Catholic social media runs red-hot for “new” Shroud of Turin research
The Catholic world has finally caught up with The Catholic Weekly in publicising the latest research showing the authenticity of the Shroud of Turin, with social media running red-hot over a 2022 study by Italian researchers at the Institute of Crystallography in Italy showing that the Shroud of Turin is indeed 2000 years old, as believed by Christian tradition.
Last year The Catholic Weekly published new findings from Australian journalist William West’s book Riddles of the Shroud: Questions Science Can’t Answer, which cited the 2022 Italian study conducted by Dr Liberato de Caro.
Dr de Caro’s analysis of flax cellulose in the shroud’s linen threads using “wide-angle X-ray scattering” was able to examine the threads’ structural degradation, and estimate its age.
His team deduced that the decay of the threads suggested it was older than a few hundred years, and was “fully compatible” with linen dating to the time of Christ, 55-74AD.
This suggests that the linen cloth, said to be the burial shroud of Jesus, could be a legitimate relic rather than a medieval forgery—as was previously believed following tests performed in 1988.
The study was published in the academic journal Heritage and has been enthusiastically promoted throughout the Catholic world over the last week, as a sign of the shroud’s authenticity.
The previous 1988 radiocarbon test returned results dating the shroud to between 1260 and 1390 AD. Samples taken from the linen cloth were analysed by three separate labs, casting doubt over its authenticity.

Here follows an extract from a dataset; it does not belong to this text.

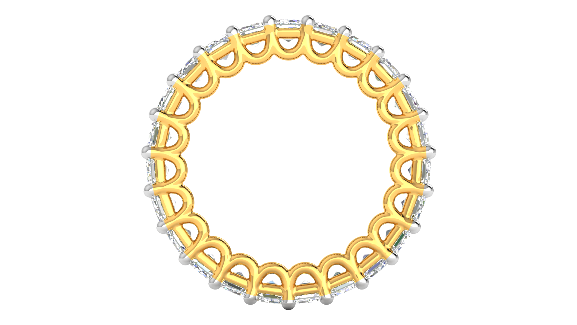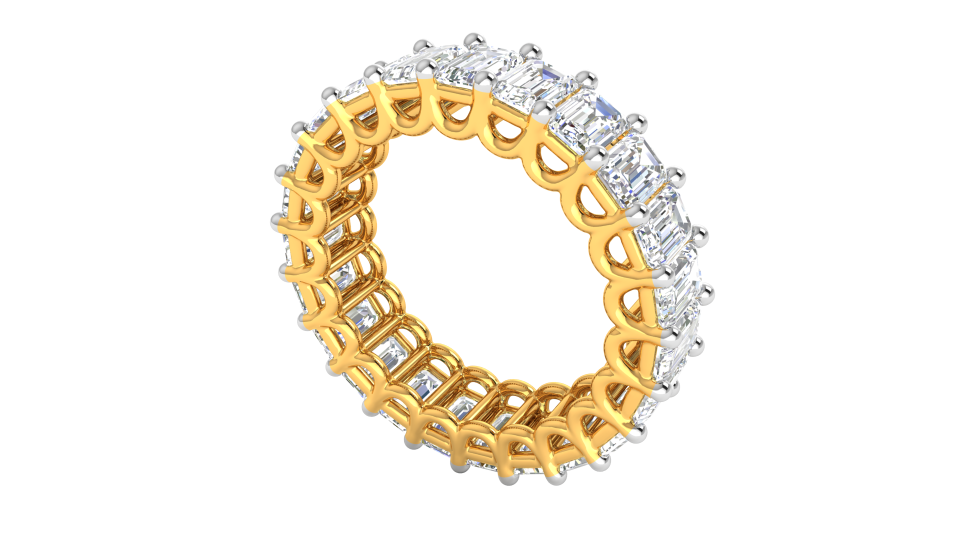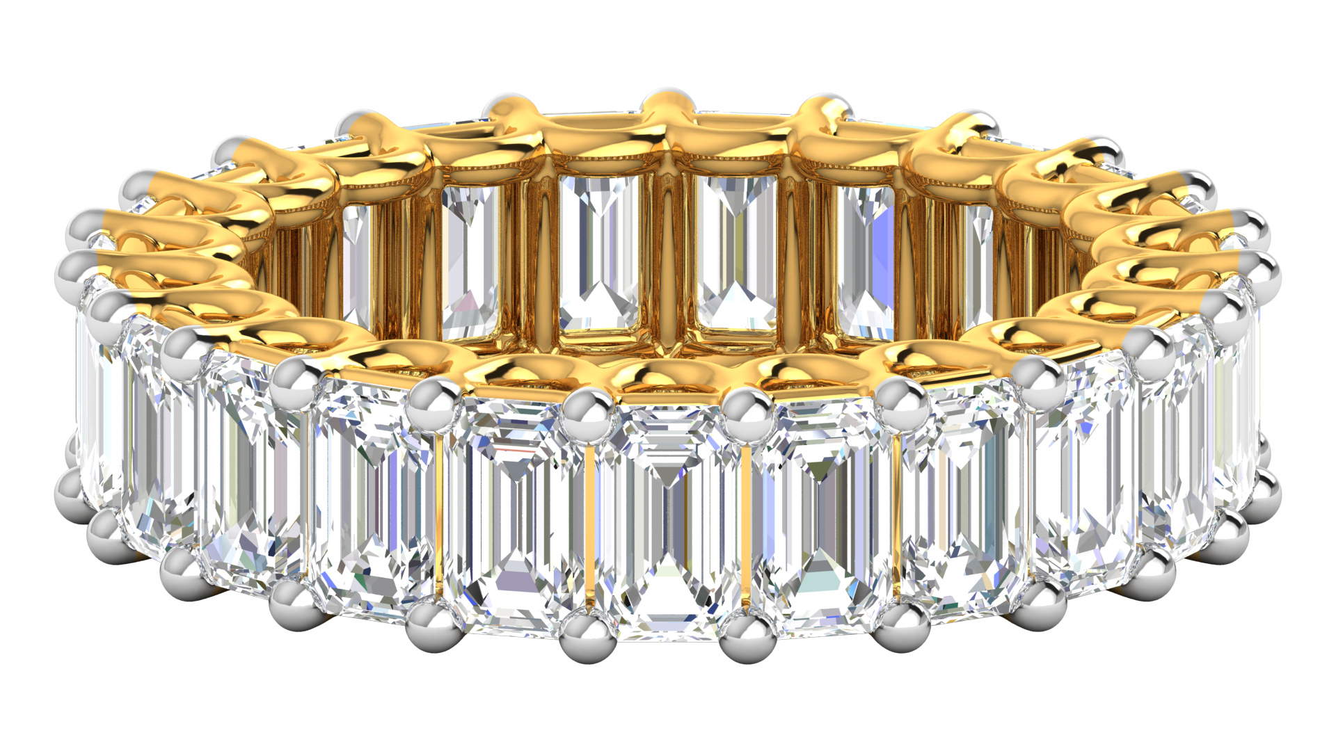 This luxurious eternity band features 6.90 carats of stunning emerald-cut diamonds, meticulously set in 14k yellow gold. Each diamond is elegantly prong-set to maximize brilliance and create a seamless, continuous... Show More

But Dr Liberato De Caro and his team from the Institute of Crystallography said the previous test may have been flawed due to contamination.
The level of degradation also meant that, were the shroud only seven centuries old, it would have had to be stored at a “room temperature very close to the maximum values registered on the earth,” the authors wrote.
However, the study does conclude by saying further investigation is needed to verify the precise date of the shroud.
This hasn’t stopped the study going viral across social media, with enthusiastic Catholics using artificial intelligence to match the face of Christ in the shroud with traditional depictions in iconography.
The shroud is one of the most studied and controversial artefacts in history, and one of the most revered.
In 2010, Pope Benedict XVI spent several minutes praying in front of the shroud—as did Pope Francis, in 2015.
The Shroud of Turin was first discovered in 1354 and is kept in the Cathedral of St John the Baptist in Turin, Italy.